▸ **PROBLEM TO SOLVE**: How many lines in these entries contain the string "新华社记者"? Reply with the number alone.

....

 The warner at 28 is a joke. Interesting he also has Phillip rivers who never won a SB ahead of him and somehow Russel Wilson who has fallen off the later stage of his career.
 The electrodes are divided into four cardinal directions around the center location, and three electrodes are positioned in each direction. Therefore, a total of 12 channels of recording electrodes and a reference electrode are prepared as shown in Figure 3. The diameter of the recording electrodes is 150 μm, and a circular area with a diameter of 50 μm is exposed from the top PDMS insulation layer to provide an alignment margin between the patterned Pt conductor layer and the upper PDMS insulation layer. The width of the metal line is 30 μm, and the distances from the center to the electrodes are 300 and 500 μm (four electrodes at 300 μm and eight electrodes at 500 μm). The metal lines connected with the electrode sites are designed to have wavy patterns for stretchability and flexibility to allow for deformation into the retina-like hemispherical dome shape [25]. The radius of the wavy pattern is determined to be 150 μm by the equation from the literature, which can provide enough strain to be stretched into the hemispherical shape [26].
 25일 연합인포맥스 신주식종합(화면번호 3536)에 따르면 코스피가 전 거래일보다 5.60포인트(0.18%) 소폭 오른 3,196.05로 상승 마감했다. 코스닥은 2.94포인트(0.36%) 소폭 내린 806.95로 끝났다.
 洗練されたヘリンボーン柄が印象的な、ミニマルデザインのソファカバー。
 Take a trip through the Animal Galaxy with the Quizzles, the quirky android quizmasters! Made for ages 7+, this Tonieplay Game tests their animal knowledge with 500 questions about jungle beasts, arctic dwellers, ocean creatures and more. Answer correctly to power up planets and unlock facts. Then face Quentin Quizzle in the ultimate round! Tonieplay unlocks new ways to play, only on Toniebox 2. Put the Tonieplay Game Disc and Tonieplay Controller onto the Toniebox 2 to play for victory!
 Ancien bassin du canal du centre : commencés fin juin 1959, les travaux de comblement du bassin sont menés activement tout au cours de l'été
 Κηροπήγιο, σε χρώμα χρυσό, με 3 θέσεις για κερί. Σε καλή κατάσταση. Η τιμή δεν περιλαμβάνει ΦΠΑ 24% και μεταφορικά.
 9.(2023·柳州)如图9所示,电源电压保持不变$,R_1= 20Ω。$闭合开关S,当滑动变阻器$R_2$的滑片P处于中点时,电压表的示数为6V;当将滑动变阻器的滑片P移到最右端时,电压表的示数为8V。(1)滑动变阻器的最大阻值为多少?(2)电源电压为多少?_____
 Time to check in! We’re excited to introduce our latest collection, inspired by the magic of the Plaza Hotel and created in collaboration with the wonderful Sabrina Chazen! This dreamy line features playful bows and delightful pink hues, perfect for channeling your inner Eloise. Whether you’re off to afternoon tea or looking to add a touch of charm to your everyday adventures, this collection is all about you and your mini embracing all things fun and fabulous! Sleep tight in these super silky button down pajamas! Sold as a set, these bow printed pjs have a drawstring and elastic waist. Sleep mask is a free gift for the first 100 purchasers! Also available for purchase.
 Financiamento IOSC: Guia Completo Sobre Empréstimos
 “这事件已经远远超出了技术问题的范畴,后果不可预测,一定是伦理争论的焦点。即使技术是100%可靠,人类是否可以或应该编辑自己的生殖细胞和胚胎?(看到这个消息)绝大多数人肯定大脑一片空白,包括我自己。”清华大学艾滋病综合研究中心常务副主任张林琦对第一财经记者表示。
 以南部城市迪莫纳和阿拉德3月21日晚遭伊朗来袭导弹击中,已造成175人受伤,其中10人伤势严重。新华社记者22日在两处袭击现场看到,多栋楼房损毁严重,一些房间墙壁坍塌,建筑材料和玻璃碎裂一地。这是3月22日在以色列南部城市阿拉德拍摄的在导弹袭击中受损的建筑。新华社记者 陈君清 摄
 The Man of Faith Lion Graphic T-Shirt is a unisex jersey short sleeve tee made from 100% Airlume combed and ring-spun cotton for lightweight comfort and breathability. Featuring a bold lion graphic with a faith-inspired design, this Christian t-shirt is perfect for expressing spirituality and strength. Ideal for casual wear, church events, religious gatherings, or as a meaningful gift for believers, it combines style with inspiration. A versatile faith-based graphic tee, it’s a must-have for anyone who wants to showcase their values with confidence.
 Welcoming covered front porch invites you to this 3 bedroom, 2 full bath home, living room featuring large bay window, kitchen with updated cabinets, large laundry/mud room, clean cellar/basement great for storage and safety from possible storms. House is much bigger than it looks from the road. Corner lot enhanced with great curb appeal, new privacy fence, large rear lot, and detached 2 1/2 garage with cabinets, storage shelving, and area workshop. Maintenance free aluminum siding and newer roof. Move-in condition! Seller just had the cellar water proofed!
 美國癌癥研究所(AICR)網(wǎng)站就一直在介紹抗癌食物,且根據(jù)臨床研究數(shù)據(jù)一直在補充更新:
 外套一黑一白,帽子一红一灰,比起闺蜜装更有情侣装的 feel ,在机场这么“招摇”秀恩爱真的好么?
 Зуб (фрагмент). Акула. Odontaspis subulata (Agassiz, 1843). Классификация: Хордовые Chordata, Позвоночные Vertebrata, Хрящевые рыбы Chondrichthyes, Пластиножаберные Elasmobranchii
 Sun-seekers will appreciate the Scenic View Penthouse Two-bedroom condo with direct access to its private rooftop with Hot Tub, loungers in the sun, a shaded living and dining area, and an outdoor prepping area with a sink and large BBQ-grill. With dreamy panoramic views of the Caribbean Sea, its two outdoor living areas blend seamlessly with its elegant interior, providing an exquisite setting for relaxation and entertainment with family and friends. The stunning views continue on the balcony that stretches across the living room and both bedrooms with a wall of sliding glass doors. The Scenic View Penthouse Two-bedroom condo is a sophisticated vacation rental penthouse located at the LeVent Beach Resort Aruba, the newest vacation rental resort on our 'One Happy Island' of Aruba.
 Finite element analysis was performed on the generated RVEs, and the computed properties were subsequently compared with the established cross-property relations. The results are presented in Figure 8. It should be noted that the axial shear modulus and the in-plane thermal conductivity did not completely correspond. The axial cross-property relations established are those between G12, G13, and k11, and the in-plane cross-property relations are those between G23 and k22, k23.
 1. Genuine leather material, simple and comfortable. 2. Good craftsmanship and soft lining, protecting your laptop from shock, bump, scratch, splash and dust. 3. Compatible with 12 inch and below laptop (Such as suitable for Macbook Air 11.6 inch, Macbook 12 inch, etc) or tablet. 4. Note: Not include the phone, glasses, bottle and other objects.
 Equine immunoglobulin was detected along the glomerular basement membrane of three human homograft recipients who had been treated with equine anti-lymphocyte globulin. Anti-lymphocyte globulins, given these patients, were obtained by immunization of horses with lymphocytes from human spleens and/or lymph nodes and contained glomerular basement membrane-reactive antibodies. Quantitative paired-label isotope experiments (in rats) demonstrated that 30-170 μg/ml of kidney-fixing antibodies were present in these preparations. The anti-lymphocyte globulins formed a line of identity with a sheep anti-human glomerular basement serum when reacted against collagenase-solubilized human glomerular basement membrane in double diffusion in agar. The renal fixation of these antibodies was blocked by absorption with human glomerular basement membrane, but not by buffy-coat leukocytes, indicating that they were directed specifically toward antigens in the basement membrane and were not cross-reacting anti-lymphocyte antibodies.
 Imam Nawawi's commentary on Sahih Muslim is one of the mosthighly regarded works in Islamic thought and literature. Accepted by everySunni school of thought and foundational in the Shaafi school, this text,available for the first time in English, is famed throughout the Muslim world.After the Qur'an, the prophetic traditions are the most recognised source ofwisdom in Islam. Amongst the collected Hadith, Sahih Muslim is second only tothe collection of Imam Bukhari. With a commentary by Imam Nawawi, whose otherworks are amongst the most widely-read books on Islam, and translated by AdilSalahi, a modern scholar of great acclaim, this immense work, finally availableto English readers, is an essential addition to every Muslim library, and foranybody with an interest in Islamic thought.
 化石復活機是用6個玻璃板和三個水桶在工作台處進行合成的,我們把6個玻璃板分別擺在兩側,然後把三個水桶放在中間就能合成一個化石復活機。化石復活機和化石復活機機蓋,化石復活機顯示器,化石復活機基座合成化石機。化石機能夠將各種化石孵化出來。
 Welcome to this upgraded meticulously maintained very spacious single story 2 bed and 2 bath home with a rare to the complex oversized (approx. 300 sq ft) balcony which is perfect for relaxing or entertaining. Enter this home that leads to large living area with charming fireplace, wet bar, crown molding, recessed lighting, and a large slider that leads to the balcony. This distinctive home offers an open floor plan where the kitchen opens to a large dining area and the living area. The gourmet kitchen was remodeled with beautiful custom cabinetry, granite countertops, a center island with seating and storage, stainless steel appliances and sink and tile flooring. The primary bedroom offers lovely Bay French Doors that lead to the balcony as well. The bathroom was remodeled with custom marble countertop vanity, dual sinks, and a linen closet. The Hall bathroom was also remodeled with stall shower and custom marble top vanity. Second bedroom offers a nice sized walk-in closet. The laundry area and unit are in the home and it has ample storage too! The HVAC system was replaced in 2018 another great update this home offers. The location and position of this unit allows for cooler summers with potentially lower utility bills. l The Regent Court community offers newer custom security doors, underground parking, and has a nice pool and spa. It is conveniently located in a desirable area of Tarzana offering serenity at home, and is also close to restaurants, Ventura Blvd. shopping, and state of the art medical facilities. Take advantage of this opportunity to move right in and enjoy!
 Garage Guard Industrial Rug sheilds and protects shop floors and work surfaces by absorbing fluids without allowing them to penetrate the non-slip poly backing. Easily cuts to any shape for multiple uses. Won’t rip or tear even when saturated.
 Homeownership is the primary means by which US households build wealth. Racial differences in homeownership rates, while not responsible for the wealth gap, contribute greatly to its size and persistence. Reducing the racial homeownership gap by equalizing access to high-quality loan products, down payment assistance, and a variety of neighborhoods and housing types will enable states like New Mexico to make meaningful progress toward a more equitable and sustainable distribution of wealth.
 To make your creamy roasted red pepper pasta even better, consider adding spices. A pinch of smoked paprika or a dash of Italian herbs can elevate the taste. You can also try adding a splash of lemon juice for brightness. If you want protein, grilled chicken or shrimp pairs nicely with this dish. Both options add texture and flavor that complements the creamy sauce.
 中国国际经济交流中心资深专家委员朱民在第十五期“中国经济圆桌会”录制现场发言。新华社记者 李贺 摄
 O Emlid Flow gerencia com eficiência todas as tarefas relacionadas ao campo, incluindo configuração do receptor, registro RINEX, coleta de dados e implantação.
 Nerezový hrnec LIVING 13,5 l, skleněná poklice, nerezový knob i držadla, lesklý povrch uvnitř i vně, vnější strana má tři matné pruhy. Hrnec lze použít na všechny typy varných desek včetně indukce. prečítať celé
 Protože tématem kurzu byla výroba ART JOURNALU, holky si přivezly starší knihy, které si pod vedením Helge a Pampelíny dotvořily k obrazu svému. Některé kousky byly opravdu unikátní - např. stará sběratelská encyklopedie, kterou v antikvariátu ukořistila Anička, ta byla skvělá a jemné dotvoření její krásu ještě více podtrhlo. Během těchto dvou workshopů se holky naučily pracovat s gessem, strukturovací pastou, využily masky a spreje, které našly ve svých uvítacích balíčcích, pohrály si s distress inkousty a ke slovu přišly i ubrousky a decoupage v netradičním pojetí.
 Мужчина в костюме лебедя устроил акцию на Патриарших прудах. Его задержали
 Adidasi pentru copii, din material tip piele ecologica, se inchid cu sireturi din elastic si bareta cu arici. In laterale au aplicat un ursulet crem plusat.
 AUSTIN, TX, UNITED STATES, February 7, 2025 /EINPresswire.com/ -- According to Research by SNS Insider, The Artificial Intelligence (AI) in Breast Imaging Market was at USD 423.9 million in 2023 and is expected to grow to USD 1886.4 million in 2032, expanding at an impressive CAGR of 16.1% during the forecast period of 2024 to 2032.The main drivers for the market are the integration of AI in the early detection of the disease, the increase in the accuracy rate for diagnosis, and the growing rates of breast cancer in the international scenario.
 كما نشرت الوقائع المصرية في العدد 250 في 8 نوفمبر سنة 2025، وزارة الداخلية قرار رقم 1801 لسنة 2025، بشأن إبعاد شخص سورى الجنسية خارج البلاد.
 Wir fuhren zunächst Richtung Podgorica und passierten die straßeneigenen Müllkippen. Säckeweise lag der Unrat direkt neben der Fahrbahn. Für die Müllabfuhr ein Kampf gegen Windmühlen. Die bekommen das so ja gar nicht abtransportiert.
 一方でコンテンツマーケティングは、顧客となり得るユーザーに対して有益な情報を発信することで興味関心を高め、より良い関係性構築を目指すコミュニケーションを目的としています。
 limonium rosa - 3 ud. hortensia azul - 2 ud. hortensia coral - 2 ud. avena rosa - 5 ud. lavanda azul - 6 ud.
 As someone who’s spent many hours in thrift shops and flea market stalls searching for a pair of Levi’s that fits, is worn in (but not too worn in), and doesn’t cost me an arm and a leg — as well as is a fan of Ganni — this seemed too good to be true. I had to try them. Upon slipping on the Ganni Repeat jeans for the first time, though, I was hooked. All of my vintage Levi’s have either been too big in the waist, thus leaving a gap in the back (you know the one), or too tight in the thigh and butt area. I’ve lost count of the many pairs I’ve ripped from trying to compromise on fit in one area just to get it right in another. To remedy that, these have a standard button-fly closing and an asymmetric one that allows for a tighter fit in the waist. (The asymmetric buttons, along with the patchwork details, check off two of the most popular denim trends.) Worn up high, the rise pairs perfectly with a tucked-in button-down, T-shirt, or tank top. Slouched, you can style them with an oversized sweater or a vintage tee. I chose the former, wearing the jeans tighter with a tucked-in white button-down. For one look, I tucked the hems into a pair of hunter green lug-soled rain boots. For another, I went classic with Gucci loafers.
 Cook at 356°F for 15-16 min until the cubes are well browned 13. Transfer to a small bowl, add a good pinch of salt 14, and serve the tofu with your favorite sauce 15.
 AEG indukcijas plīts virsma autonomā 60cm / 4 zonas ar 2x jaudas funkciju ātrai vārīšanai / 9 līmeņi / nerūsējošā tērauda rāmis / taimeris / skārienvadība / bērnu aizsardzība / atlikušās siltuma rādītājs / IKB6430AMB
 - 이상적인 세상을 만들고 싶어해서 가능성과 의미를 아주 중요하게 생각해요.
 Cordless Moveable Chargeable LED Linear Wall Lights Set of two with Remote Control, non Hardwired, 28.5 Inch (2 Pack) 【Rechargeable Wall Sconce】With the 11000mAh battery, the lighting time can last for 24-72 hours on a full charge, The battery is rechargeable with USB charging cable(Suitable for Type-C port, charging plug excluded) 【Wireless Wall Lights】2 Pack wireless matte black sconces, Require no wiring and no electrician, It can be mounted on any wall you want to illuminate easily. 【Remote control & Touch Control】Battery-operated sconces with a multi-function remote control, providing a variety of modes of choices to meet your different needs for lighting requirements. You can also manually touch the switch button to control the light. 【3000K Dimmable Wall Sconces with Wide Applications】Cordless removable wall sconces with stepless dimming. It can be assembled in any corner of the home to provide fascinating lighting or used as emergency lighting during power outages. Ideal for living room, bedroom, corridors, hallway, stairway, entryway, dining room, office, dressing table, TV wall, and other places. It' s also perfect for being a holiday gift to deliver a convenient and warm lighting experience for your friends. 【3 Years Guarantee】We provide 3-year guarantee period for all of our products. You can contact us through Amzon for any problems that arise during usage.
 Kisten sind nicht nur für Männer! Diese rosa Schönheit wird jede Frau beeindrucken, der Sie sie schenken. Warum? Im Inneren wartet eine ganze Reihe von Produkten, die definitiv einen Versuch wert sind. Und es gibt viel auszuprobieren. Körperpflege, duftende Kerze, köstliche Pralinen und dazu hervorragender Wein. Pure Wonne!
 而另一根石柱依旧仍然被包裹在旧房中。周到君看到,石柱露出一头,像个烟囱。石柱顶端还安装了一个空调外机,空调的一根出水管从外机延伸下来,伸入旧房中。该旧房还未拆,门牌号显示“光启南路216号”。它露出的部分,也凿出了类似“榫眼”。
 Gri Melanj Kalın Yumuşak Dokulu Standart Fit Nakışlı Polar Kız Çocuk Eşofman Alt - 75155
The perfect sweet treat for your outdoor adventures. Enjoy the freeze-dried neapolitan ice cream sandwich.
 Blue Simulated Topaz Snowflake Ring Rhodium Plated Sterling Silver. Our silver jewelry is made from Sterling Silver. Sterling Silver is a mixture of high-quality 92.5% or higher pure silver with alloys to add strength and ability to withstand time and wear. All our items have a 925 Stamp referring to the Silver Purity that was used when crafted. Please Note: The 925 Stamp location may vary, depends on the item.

....

▸ **TASK RESULT**: 2